Work required -
Look through the data below for the line with "1939. 5P Ag", and transcribe it exactly together with each line after it up to and including the line with "Una guía de". Give nothing else.

Exercise material -
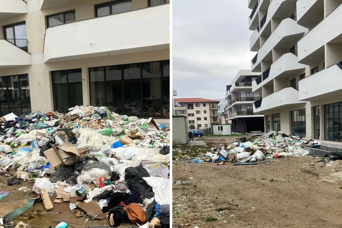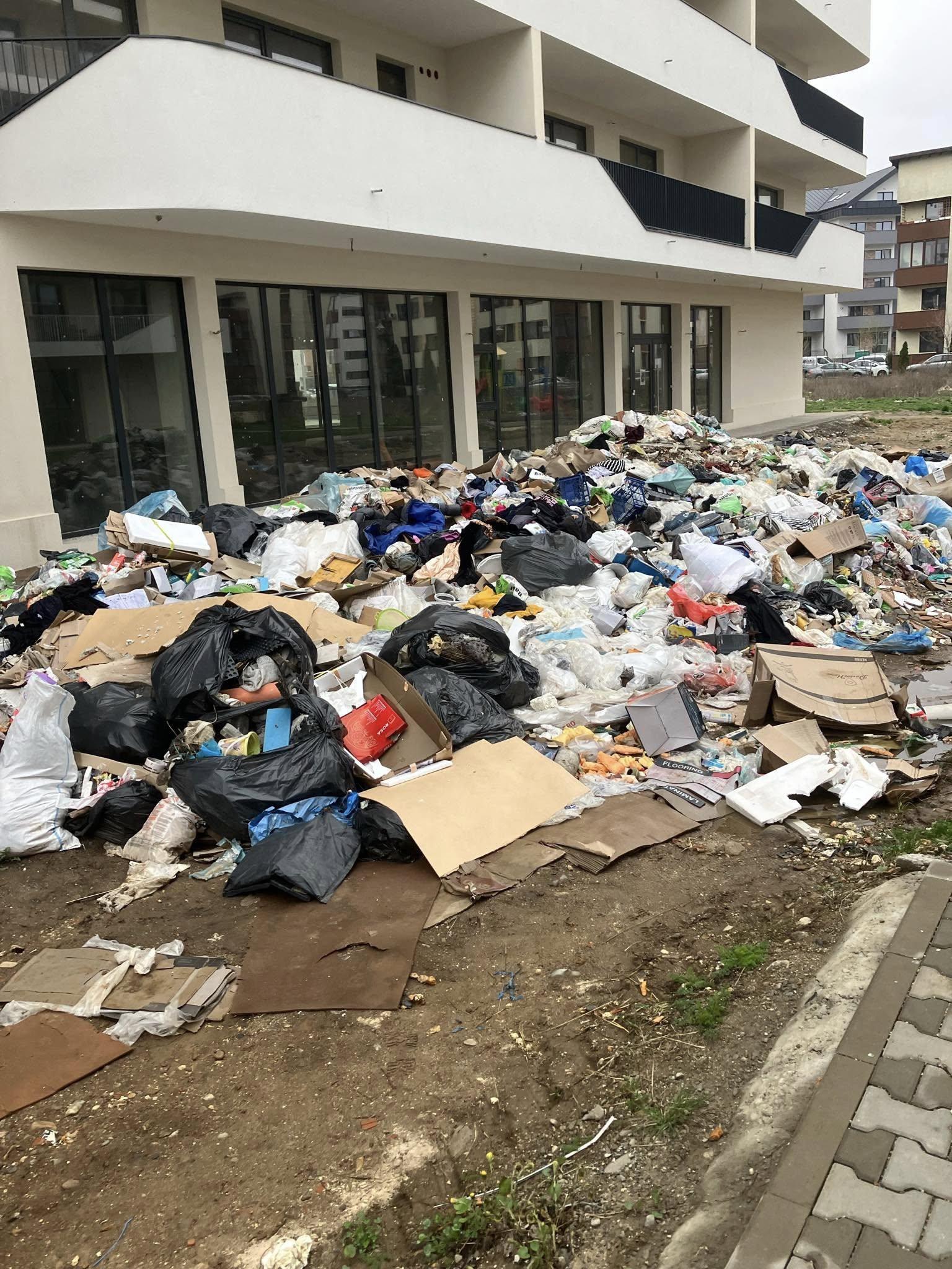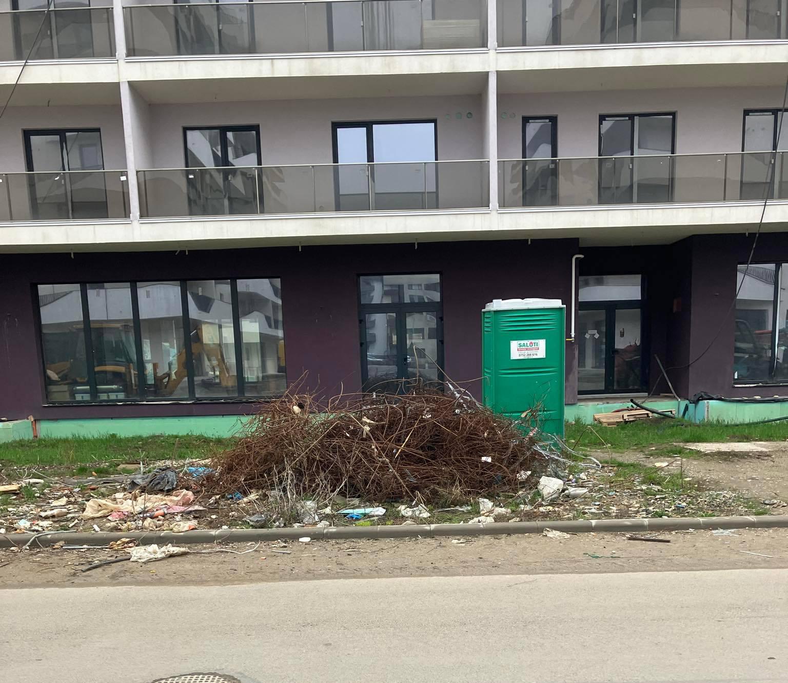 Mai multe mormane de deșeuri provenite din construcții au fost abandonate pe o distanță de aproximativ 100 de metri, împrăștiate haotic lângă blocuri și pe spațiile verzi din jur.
---
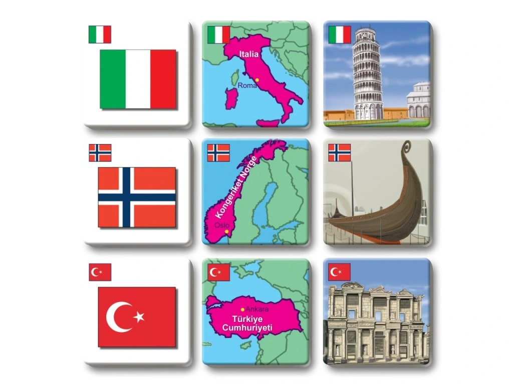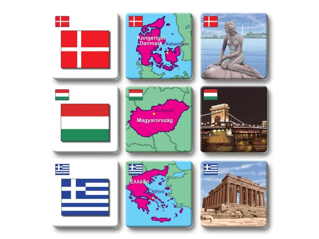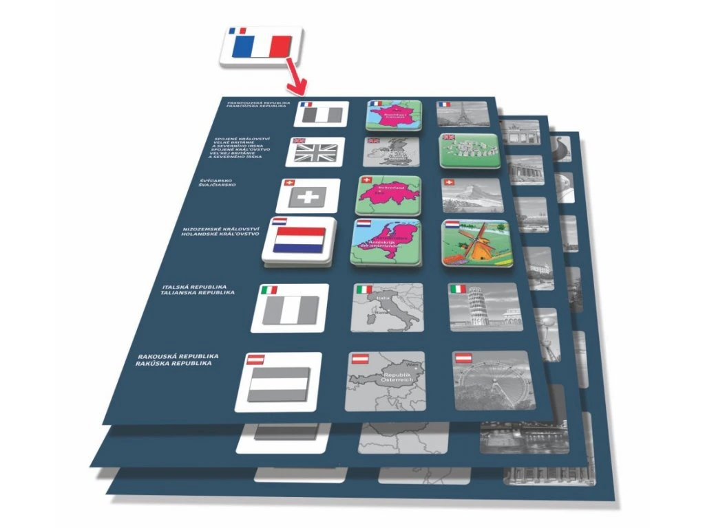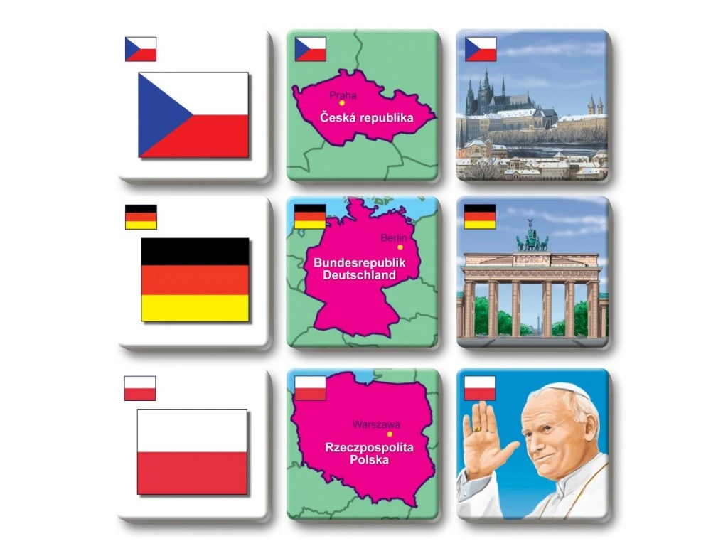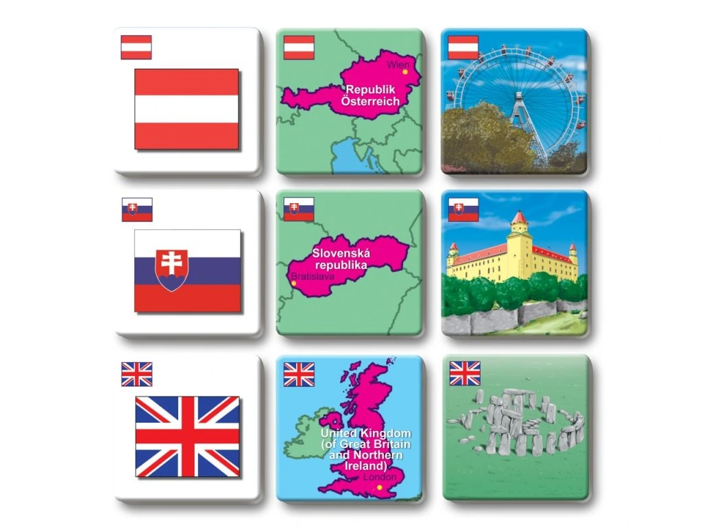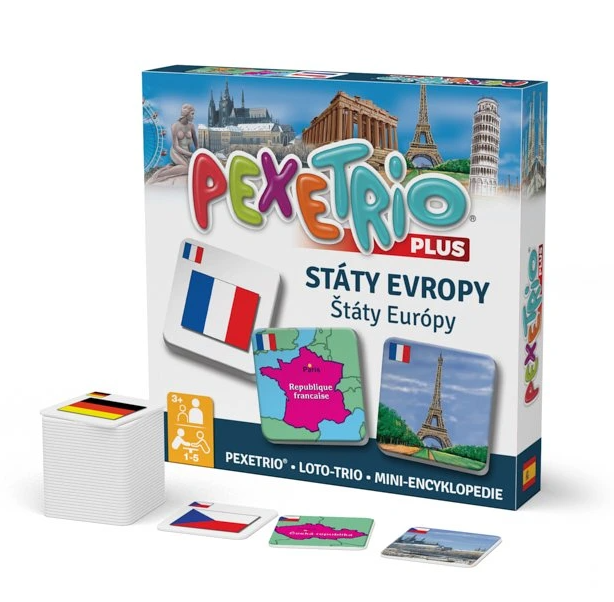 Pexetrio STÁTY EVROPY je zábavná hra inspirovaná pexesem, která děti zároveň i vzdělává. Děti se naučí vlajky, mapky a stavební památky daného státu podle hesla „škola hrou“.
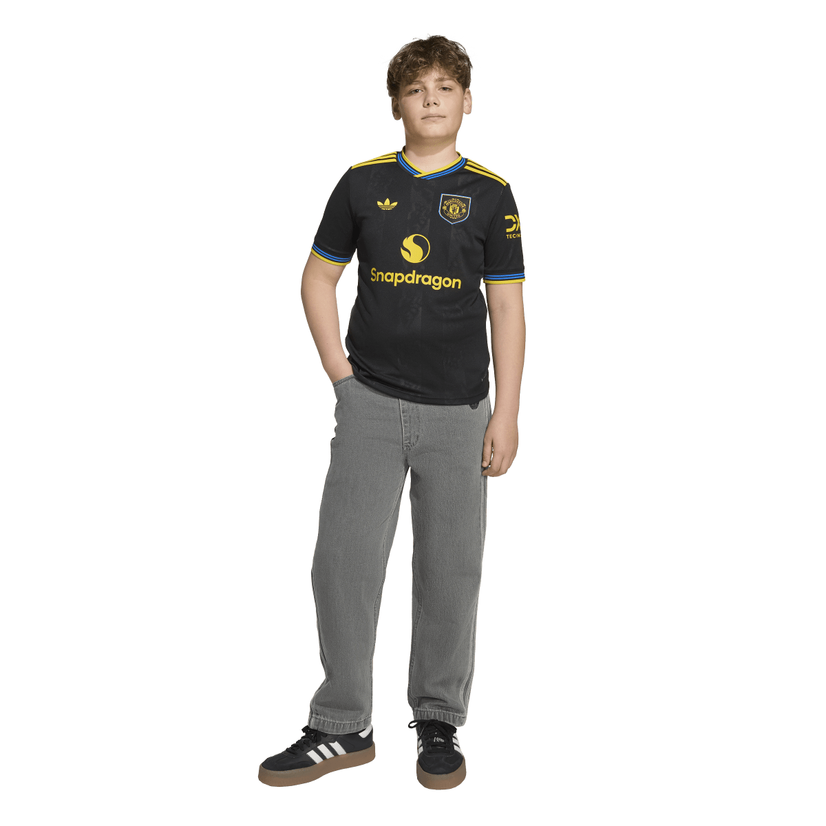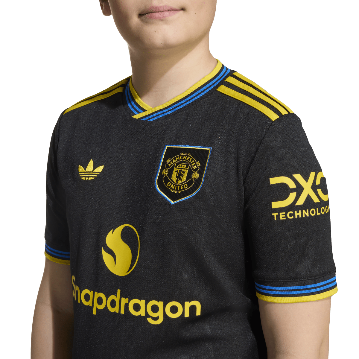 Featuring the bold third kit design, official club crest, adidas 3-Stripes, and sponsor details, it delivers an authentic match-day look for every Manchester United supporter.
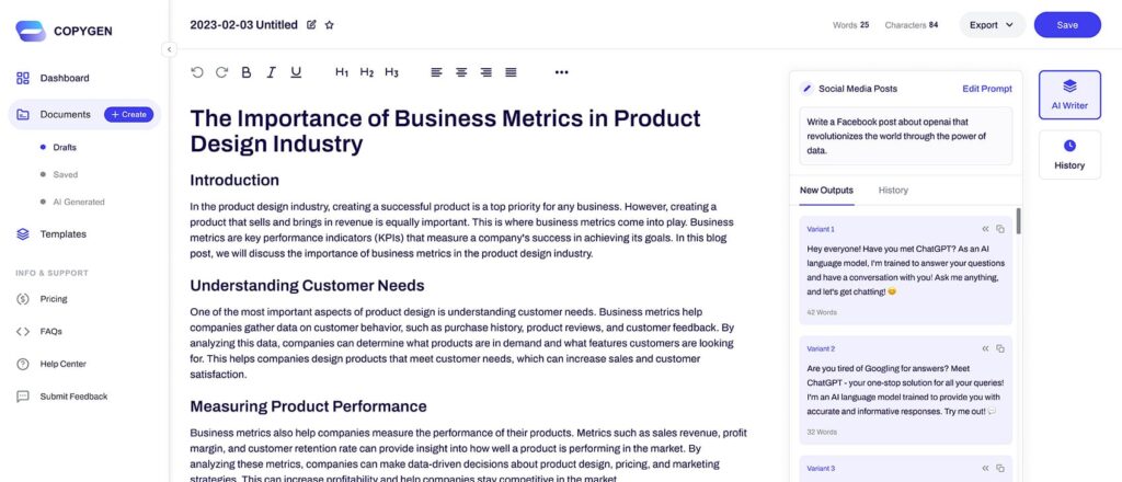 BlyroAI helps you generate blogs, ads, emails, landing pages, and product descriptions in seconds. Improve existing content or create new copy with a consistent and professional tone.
==
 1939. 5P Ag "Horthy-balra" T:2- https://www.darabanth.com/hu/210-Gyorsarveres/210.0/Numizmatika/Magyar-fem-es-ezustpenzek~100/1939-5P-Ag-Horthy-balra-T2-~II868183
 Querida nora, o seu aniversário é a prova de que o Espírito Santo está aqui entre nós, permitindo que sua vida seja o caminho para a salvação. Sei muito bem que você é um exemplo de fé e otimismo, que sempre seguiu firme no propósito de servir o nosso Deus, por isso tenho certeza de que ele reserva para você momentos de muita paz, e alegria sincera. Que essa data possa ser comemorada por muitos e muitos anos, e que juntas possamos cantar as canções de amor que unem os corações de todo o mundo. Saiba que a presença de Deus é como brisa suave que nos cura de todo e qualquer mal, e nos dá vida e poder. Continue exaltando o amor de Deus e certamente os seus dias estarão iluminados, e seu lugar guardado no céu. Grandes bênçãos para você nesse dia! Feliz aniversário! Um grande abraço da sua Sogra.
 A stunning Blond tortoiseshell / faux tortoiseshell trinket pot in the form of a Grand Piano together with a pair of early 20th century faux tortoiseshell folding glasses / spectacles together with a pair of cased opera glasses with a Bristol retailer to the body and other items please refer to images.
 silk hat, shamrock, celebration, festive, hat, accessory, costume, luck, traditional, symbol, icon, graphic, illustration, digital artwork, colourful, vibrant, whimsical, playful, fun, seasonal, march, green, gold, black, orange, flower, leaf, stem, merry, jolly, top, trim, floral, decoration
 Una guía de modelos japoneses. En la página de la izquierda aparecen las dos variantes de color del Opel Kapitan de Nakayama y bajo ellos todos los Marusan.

Final answer -
 1939. 5P Ag "Horthy-balra" T:2- https://www.darabanth.com/hu/210-Gyorsarveres/210.0/Numizmatika/Magyar-fem-es-ezustpenzek~100/1939-5P-Ag-Horthy-balra-T2-~II868183
 Querida nora, o seu aniversário é a prova de que o Espírito Santo está aqui entre nós, permitindo que sua vida seja o caminho para a salvação. Sei muito bem que você é um exemplo de fé e otimismo, que sempre seguiu firme no propósito de servir o nosso Deus, por isso tenho certeza de que ele reserva para você momentos de muita paz, e alegria sincera. Que essa data possa ser comemorada por muitos e muitos anos, e que juntas possamos cantar as canções de amor que unem os corações de todo o mundo. Saiba que a presença de Deus é como brisa suave que nos cura de todo e qualquer mal, e nos dá vida e poder. Continue exaltando o amor de Deus e certamente os seus dias estarão iluminados, e seu lugar guardado no céu. Grandes bênçãos para você nesse dia! Feliz aniversário! Um grande abraço da sua Sogra.
 A stunning Blond tortoiseshell / faux tortoiseshell trinket pot in the form of a Grand Piano together with a pair of early 20th century faux tortoiseshell folding glasses / spectacles together with a pair of cased opera glasses with a Bristol retailer to the body and other items please refer to images.
 silk hat, shamrock, celebration, festive, hat, accessory, costume, luck, traditional, symbol, icon, graphic, illustration, digital artwork, colourful, vibrant, whimsical, playful, fun, seasonal, march, green, gold, black, orange, flower, leaf, stem, merry, jolly, top, trim, floral, decoration
 Una guía de modelos japoneses. En la página de la izquierda aparecen las dos variantes de color del Opel Kapitan de Nakayama y bajo ellos todos los Marusan.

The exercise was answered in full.